Dr Karl Overton and colleagues from the Communicable Disease (Scotland) unit at Ruchill Hospital, in Glasgow, presented evidence that the nature of the HIV epidemic in Scotland is changing. In 1985, the number of injecting drug users infected with HIV was 160, and the number of heterosexuals was three. New cases of HIV peaked in drug users in 1986, with a figure of 202, and have fallen to 45 in 1991.

In heterosexuals, the figure for 1991 is 42. For homosexual and bisexual men over the same period, the number of new cases have fallen from 71 to 51. 'Initially associated mainly with injecting drug users in Edinburgh, this component of the (HIV) epidemic has declined markedly, while there has been a relatively small increase in the reports of infections for the heterosexual population of the major population centres,' researchers concluded.

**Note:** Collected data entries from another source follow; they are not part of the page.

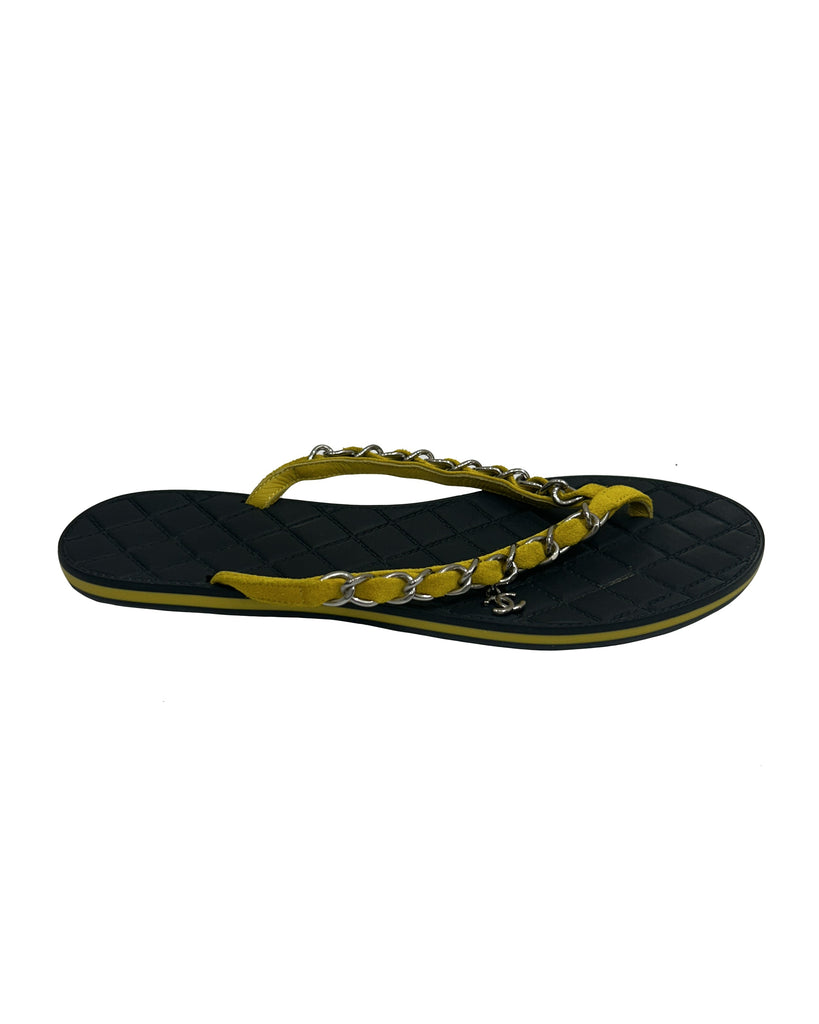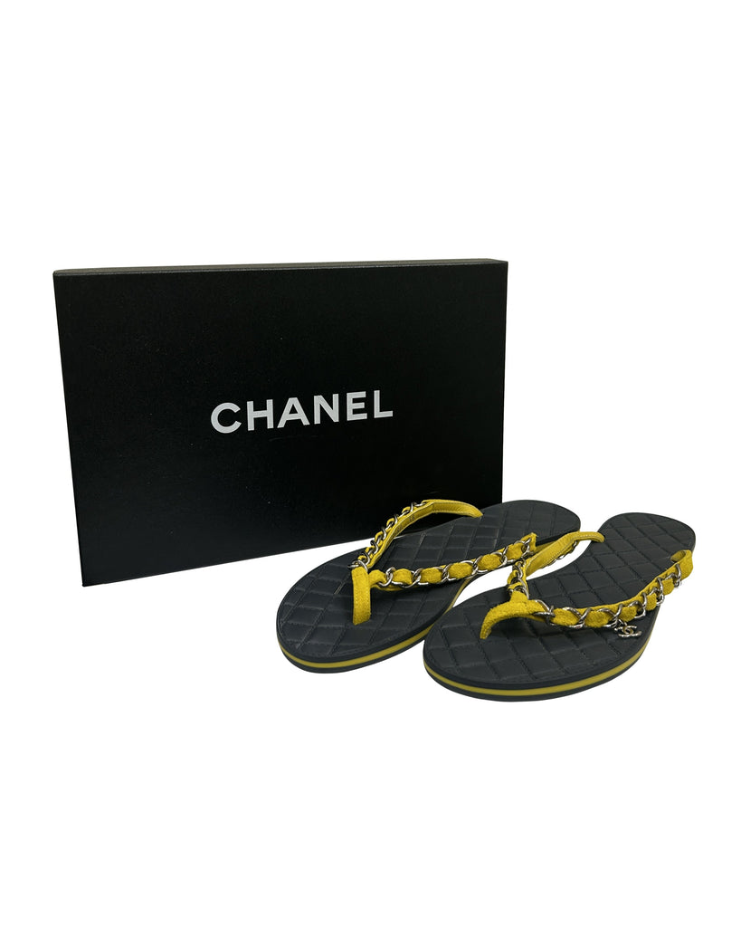Chanel Size 38 Suede Chain CC Thong Sandals
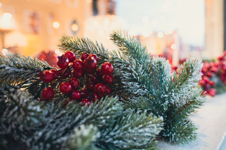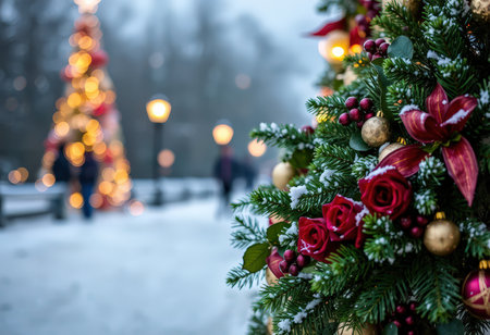 Close-up of Christmas tree with ornaments, with festive street lights in the background. Snow-covered branches and golden decorations. Cozy winter evening.
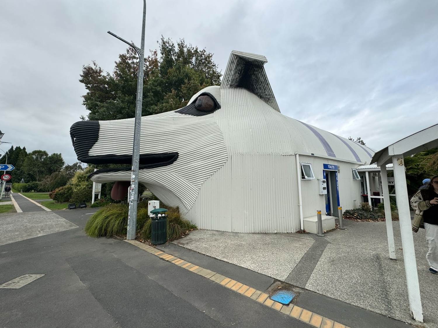 Back on the bust, we continued our trip to Rotorua, briefly stopping for another bathroom break in Tirau, the corrugated iron capital of New Zealand, which features buildings styled after animals like dogs and sheep.
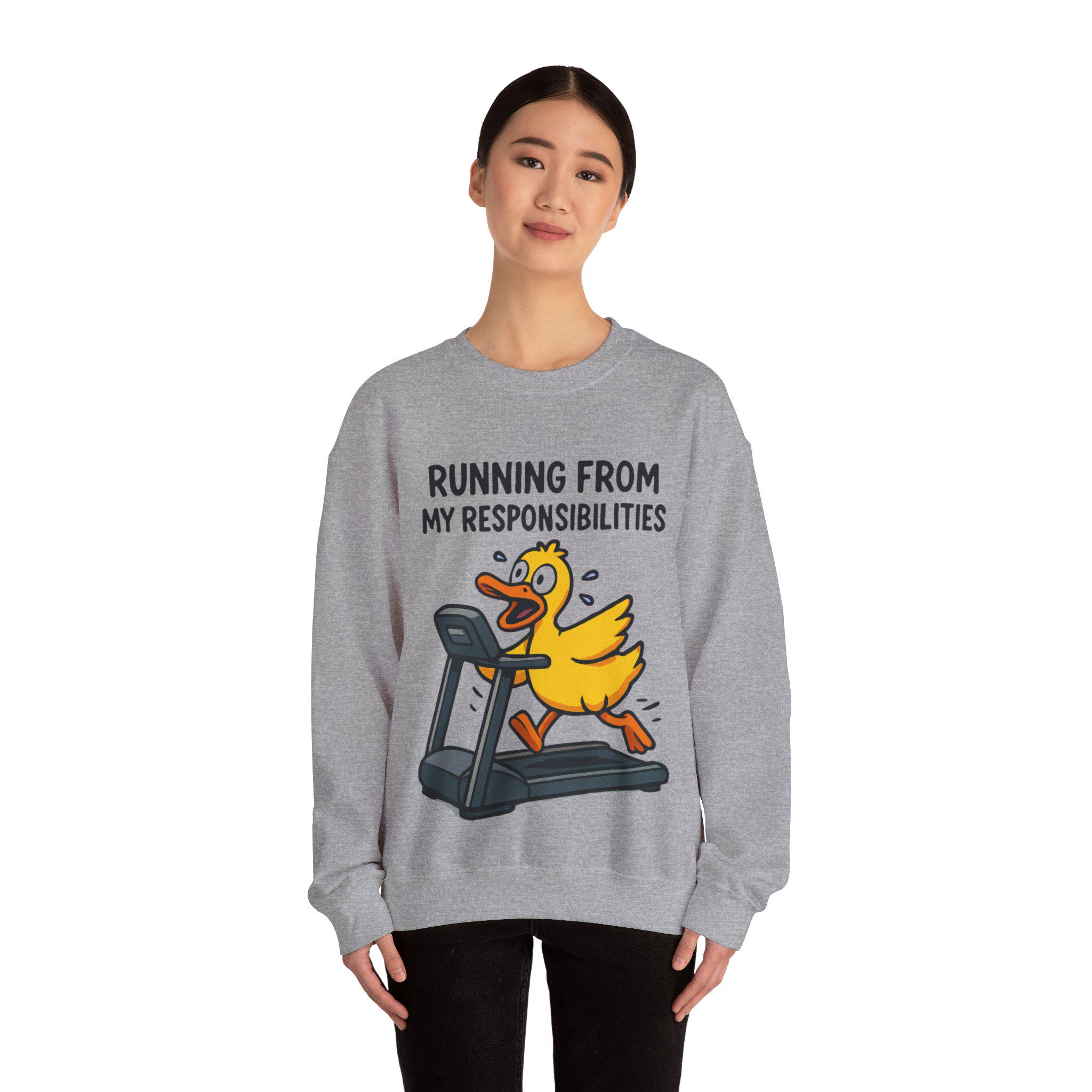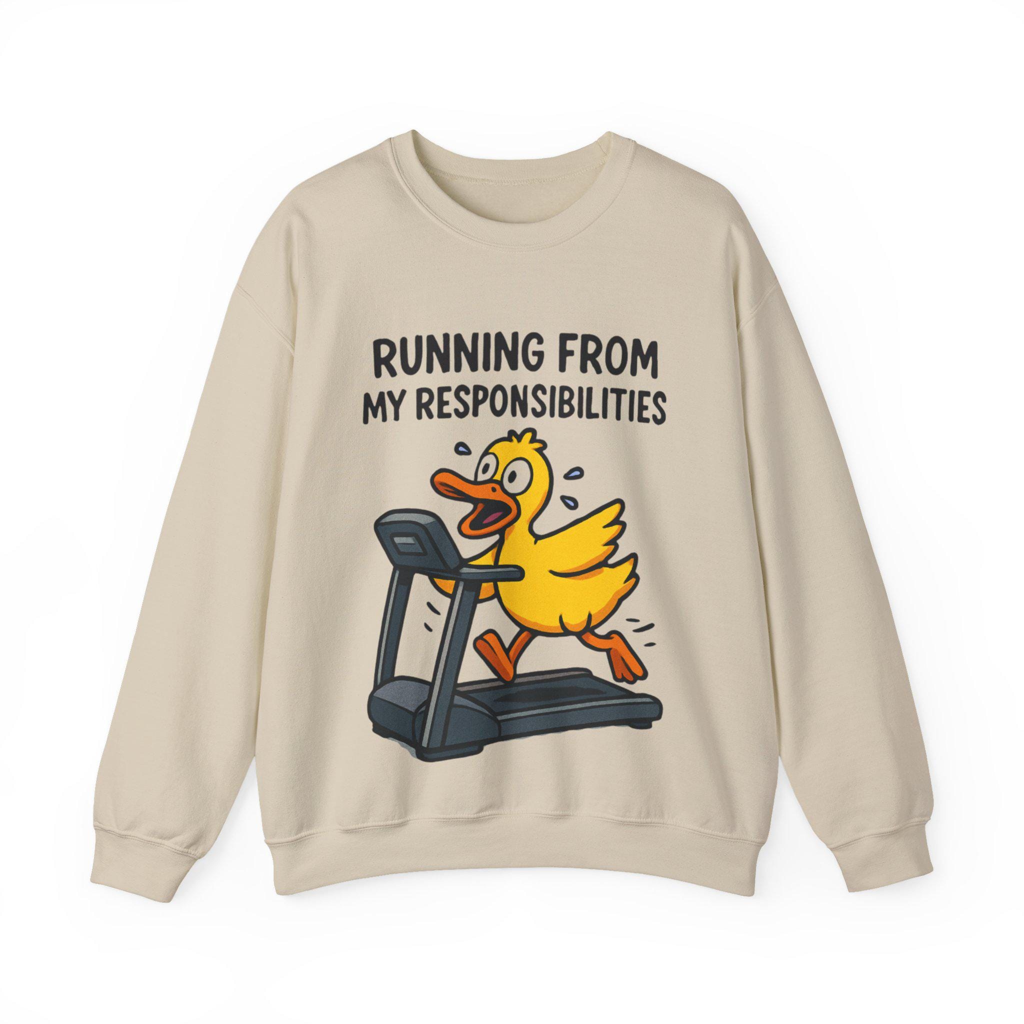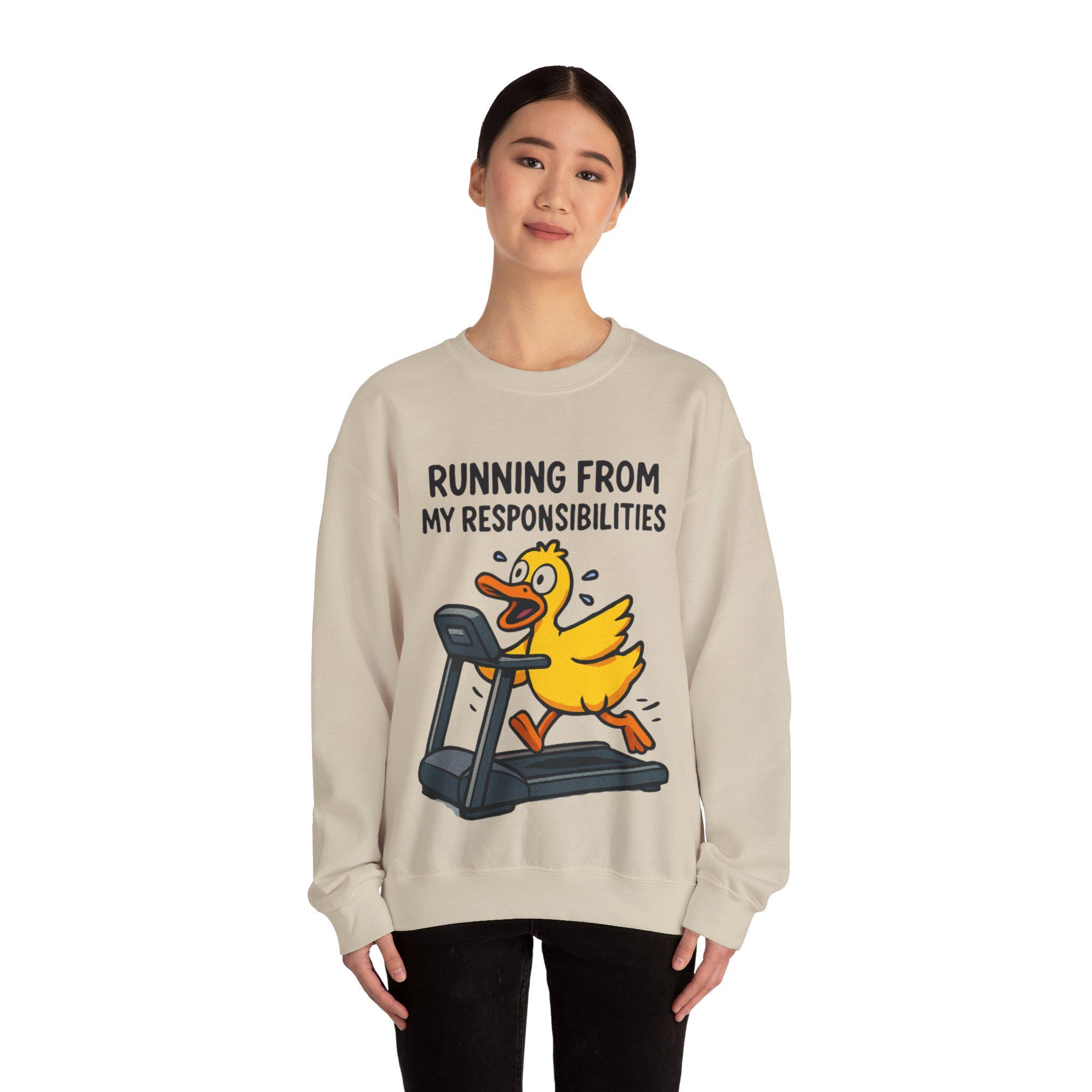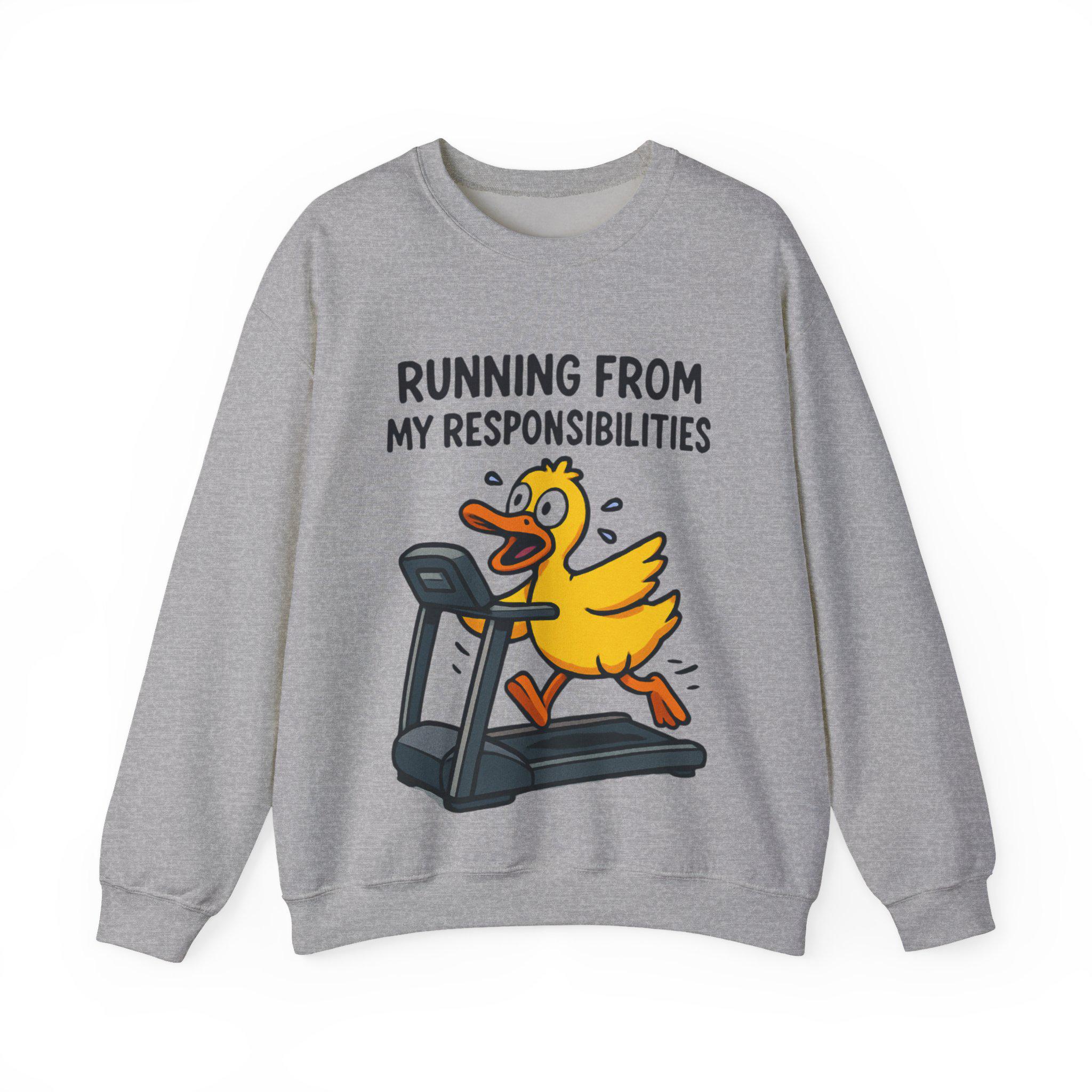 This cozy crewneck brings a wink of humor to quiet mornings and long evenings. Soft, medium-heavy fabric drapes comfortably while the cheerful duck graphic—mid-sprint on a treadmill—lets you laugh at life’s little pressure points. Wear it around the house with leggings, layer it over a tee for errands, or pull it on after a workout to warm down. The relaxed cut and resilient ribbed collar keep the shape wash after wash, and the playful design opens conversations without trying too hard. It’s for the person who balances responsibilities with ridiculousness and wants comfort that matches their sense of humor.
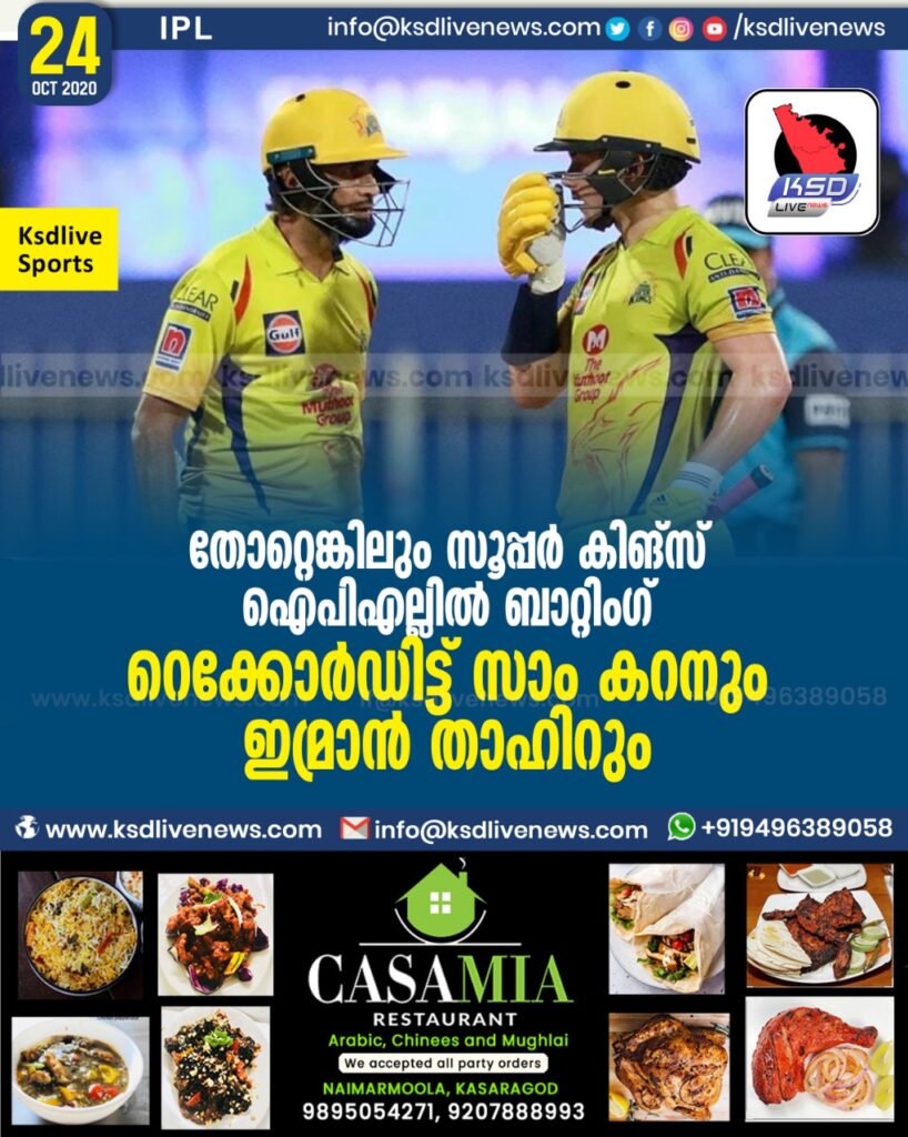 തോറ്റെങ്കിലും സൂപ്പർ കിങ്സ് ഐപിഎല്ലിൽ ബാറ്റിംഗ് റെക്കോർഡിട്ട് സാം കറനും ഇമ്രാൻ താഹിറും
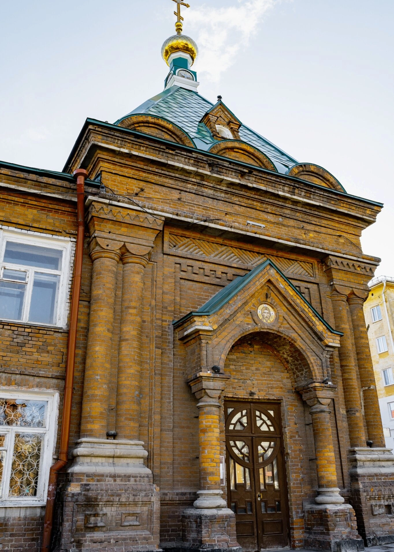 Венчает строение кровля бирюзово-зелёного цвета, покрытая, вероятно, металлочерепицей. Над центральной частью возносится золотистый луковичный купол, увенчанный православным крестом, который символически устремляет взор в небеса. По сторонам фасада видны оконные проёмы с белыми рамами, причём нижнее окно дополнительно защищено ажурной металлической решёткой с узором.
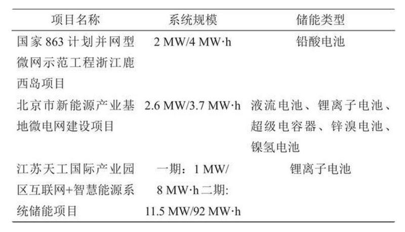 另外由于大工業(yè)用電的峰谷電價(jià)差相對(duì)于普通工商業(yè)峰谷電價(jià)差小,因此可通過峰谷套利與降低需量電費(fèi)相加的模式進(jìn)行盈利分析。為進(jìn)一步縮小成本提高收益,實(shí)現(xiàn)電池的充分利用,選用梯次電池代替新電池的儲(chǔ)能應(yīng)用模式逐漸推廣開來。2019年8月6日在深圳市比克工業(yè)園區(qū)投運(yùn)的2.15 MW/7.27 MW·h梯次電池儲(chǔ)能項(xiàng)目,采用三元及磷酸鐵鋰電池、兩充兩放的技術(shù)方案,實(shí)現(xiàn)削峰填谷、重要負(fù)荷應(yīng)急保障供電等功能。表6列舉了國內(nèi)目前已建成的部分儲(chǔ)能微電網(wǎng)項(xiàng)目。
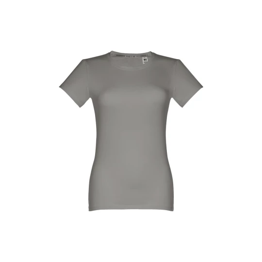 Damski t-shirt o dopasowanym kroju. 100% bawełna dżersej (190 g/m²) ze zgrzebną przędzą bawełnianą (kolor 183: 90% bawełna/10% wiskoza). Posiada cienki kołnierzyk z dżerseju wzmocniony satynową tasiemką. Zszywany po bokach, z podwójnym ściegiem na rękawach i na dole. Rozmiary: S, M, L, XL, XXL

In contrast, a study of people attending a sexually transmitted disease clinic at St Thomas's Hospital in London found little evidence of secondary sexual transmission of HIV. A total of 17,829 people were tested between 1988 and 1992. Of these, 44 were found to be HIV positive, 23 of whom were infected abroad and 16 through injecting drugs use. Five HIV positives have no obvious risk factors.